In a desperate attempt to have the findings of his commission stay on the radar Thomas J. Healey had an op-ed in the Star-Ledger last week that included this bar graph:
with this explanation:
The commission does not propose reducing current funding levels, but spending the money more wisely than it has been spent to date providing the costliest public employee health benefits in the nation. Employees and retirees will get a bigger “bang for the buck” by using funds currently wasted by excesses in the health benefits system to instead bolster retirement funding…..The proposed reforms would save the retirement system by controlling health benefit costs – moving from unaffordable “platinum” plans to high-quality “gold” level plans that are more fairly in line with the private sector – without affecting quality of care. It is a win-win for everyone.
In a rebuttal letter to the editor this week Brian Wahler, mayor of Piscataway and president of the New Jersey State League of Municipalities. and Donald Webster Jr, president of the New Jersey School Boards Association, made the point:
We are concerned that the proposed savings resulting from the commission’s health-care proposals are unlikely to offset the shift of the unfunded liabilities to the local level. ….We have not seen the data behind the commission’s assertion that reforms to the health benefits would “more than offset” this transfer of liability.

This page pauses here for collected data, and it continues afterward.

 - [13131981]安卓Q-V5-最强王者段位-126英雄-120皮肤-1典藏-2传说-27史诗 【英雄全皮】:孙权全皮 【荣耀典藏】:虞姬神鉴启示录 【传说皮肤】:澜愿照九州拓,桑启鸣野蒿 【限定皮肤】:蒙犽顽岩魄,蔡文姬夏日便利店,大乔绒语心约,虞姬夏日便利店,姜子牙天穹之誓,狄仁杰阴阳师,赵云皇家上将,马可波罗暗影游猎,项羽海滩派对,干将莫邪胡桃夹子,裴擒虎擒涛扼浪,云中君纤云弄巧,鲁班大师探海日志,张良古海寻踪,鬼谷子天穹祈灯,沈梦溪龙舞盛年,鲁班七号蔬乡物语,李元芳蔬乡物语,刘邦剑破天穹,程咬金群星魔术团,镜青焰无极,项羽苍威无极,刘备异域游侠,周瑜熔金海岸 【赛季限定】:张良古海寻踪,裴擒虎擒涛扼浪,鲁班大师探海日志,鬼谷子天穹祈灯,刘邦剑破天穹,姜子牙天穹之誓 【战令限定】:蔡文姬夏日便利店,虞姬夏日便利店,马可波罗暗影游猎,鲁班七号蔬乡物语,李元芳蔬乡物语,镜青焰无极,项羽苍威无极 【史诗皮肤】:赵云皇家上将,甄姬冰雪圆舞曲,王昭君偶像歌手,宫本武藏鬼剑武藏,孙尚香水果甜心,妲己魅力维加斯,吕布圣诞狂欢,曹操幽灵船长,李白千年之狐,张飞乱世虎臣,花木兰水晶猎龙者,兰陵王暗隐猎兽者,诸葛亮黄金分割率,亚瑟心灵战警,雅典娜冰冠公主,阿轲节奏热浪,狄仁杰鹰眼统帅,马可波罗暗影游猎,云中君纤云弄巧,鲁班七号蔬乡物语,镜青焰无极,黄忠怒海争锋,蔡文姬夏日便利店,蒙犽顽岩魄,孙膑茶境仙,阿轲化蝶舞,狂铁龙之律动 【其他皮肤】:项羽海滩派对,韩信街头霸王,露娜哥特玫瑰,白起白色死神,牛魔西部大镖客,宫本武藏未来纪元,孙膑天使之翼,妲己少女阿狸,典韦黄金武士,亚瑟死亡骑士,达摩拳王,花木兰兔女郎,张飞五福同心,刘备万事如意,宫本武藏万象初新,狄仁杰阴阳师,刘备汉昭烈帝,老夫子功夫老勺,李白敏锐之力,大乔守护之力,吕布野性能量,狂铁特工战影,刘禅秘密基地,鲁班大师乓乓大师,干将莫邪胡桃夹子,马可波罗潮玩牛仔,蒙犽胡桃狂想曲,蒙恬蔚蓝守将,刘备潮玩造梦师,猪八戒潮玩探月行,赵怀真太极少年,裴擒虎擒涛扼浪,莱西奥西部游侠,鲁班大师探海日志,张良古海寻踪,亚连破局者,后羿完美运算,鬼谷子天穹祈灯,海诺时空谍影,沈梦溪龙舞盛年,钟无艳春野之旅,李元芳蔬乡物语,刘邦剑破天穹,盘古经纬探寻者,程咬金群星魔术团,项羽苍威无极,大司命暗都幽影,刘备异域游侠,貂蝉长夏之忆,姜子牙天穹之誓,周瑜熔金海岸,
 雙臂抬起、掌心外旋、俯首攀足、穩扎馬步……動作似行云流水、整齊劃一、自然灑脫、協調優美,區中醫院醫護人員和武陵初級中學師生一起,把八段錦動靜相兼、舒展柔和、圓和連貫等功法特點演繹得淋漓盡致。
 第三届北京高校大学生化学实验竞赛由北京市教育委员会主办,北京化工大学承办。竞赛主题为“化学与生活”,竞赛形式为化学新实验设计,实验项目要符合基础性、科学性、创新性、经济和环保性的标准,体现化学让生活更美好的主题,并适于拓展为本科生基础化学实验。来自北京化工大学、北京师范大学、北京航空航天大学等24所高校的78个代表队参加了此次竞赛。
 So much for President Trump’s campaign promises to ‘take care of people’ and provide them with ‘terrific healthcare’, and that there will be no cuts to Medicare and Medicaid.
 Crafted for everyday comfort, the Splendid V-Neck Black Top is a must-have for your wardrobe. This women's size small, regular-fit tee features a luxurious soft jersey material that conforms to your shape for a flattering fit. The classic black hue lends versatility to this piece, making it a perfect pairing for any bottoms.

Nobody will ever see that data because it does not exist.
Let’s look at two numbers from the graph: $3.84 billion that New Jersey is paying for health benefits for state employees and all teachers and $1.38 billion that the state would be paying for only state employees after teacher health benefit costs revert to the localities. Participant data from the latest pension actuarial reports shows this breakdown of public employees and retirees as of July 1, 2013:
Total state employees only: 153,514
Assuming proportional benefits per capita that would mean that of the $3.84 billion approximately $2.35 billion is for teacher health benefits leaving $1.49 billion for other state participants (instead of the $1.38 billion forecast).

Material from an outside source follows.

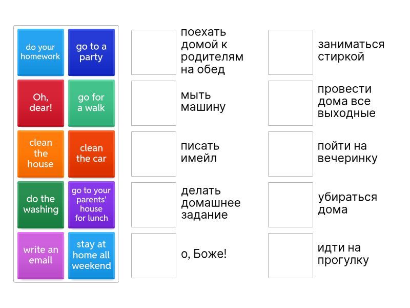 go for a walk - идти на прогулку, go for a run - пойти на пробежку, clean the car - мыть машину, clean the house - убираться дома, do the washing - заниматься стиркой, do your homework - делать домашнее задание, write an email - писать имейл, write a report - писать доклад/отчет, go away for the weekend - уехать на выходные, go away for a couple of days - уехать на пару дней, have a great time - отлично провести время, have a bad cold - сильно простудиться, go to a party - пойти на вечеринку, go to your parents' house for lunch - поехать домой к родителям на обед, stay with friends - остановиться у друзей, stay at home all weekend - провести дома все выходные, Oh, dear! - о, Боже!, You're joking! - Ты шутишь!, What a shame - Какая жалость,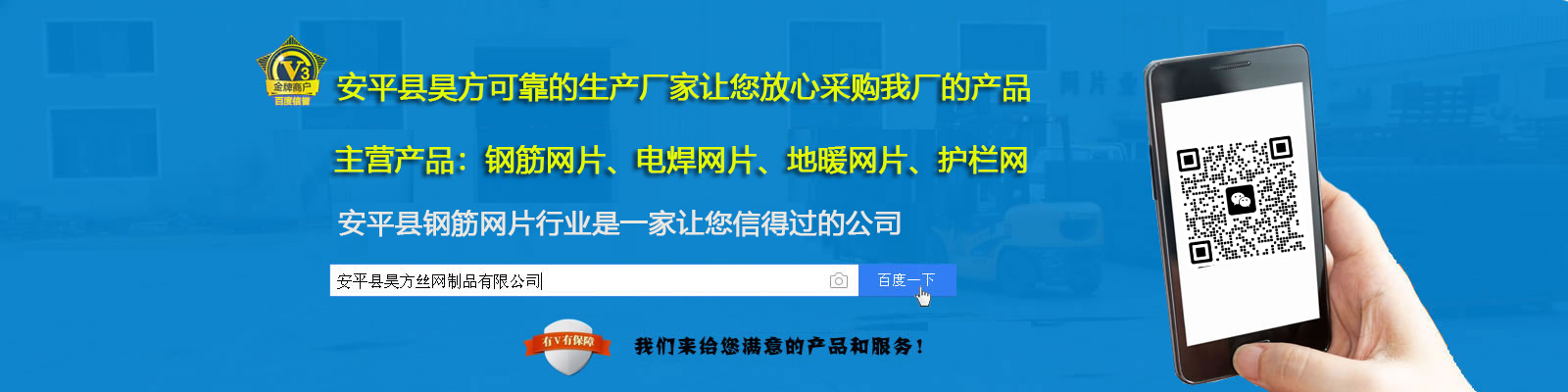 安平縣坤鼎絲網(wǎng)制品有限公司(原安平縣鑫平護(hù)欄網(wǎng)廠)位于安平縣油子開發(fā)區(qū),是專業(yè)生產(chǎn)各種公路護(hù)欄網(wǎng)、高速公路護(hù)欄網(wǎng)、小區(qū)護(hù)欄網(wǎng)、金屬焊接防盜網(wǎng)、鐵路隔離防護(hù)網(wǎng)、防眩網(wǎng)、防拋網(wǎng)、機(jī)場隔離網(wǎng)、圍網(wǎng)、圍欄網(wǎng)、場地圍網(wǎng)、體育圍網(wǎng)、運(yùn)動場圍網(wǎng)、小區(qū)圍網(wǎng)、生活區(qū)圍網(wǎng)、倉庫隔離網(wǎng)、圍山網(wǎng)、圍墻網(wǎng)、建筑用網(wǎng)的專業(yè)廠家。 本廠以“質(zhì)量求生存,客戶是上帝,交貨及時,價格合理,服務(wù)周到”的宗旨為廣大客戶服務(wù);本著“質(zhì)量求生存,信譽(yù)謀發(fā)展”的生產(chǎn)原則,贏得了廣大新老客戶的好評。多年來,我們憑借吸納進(jìn)的技術(shù)、過硬的質(zhì)量、良好的信譽(yù)和服務(wù)、與多家客商建立了穩(wěn)固的供貨關(guān)系,客戶遍及全國各地和地區(qū)。經(jīng)過多年的發(fā)展,我廠一貫堅(jiān)持以科學(xué)的管理和嚴(yán)格的檢驗(yàn)制度,確保防護(hù)網(wǎng)產(chǎn)品的合格率,并以可靠的信譽(yù)和服務(wù),贏得了新老客戶的信譽(yù)和贊譽(yù)。...

There are 363,060 participants on the local level and again assuming proportional benefits that would mean $3.51 billion that property-tax payers are already paying for health benefits. Adding on another $2.35 billion for teachers would bring the total property tax tab to $5.86 billion for health benefits alone (without even considering the extra costs of pension payments and the employer potion of Social Security).

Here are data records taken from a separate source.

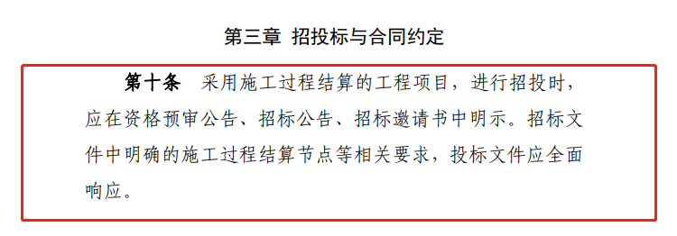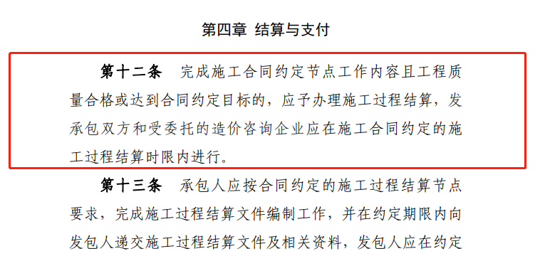 本條定義何為施工過程結算,相較住建部2021年發(fā)布的《建筑工程施工發(fā)包與承包計價管理辦法》(修訂征求意見稿)第十九條規(guī)定“全面推行施工過程結算和支付。發(fā)承包雙方通過合同約定,按時間節(jié)點或進度節(jié)點對周期內已完成且無爭議的工程量進行價款計算、確認,并按照合同約定比例支付。”《暫行辦法》增加了節(jié)點驗收,驗收是節(jié)點結算與支付的前提。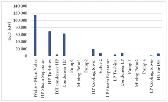 The components which have the highest potential for improvement are those with a high value of : in this case, the HP turbines, the DH condenser, and the HP Condenser. Indeed, there is room for improvement in these components, as testified by the high exergy destruction values. On the other hand, the Wells and main valve present a low value of , this means that to improve this component, a more difficult intervention should be carried out.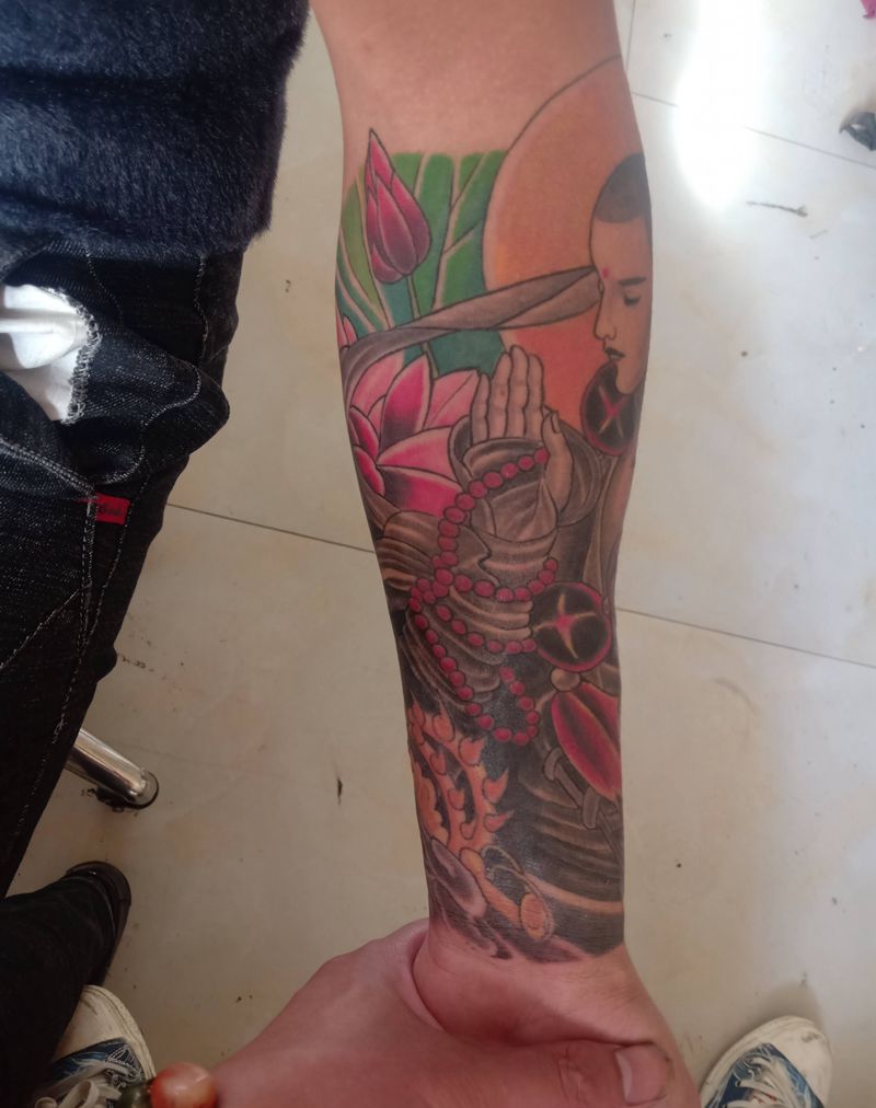 当前位置: 首页 >河北省沧州市纹身店-福帅刺青纹身图案>和尚纹身图片_手臂新传统纹身图案

According to the Census Bureau, in 2010 property taxes in New Jersey totaled over $25 billion and represented 48% of all State and local tax revenue. Add on $2.35 billion for health benefits, $750 million for Social Security, and $1 billion for pensions raises those property taxes another $4.1 billion. Of that $29.1 billion new total $5.86 billion ($3.51 billion that localities are already paying plus $2.35 billion in teacher benefits that they would be paying for health insurance alone) would be the cost for health insurance.
Page 11 of the Roadmap outlines the the Pension & Benefit Study Commission’s thinking:
…because local health benefits costs are so high, even moderate reforms would result in huge local savings. If aggregated, these savings could permit a higher overall level of post-reform benefits and more equitable State/local allocation of benefit obligations at no additional cost to local taxpayers.
For there to be “no additional cost to local taxpayers” health benefit premiums for 606,458 participants that are $5.86 billion have to decrease by at least $4.1 billion – 70%. Put another way, an average annual premium of $9,663 has to go down to $2,902. Who would believe that can ever happen, outside of the world of mindless bar graphs?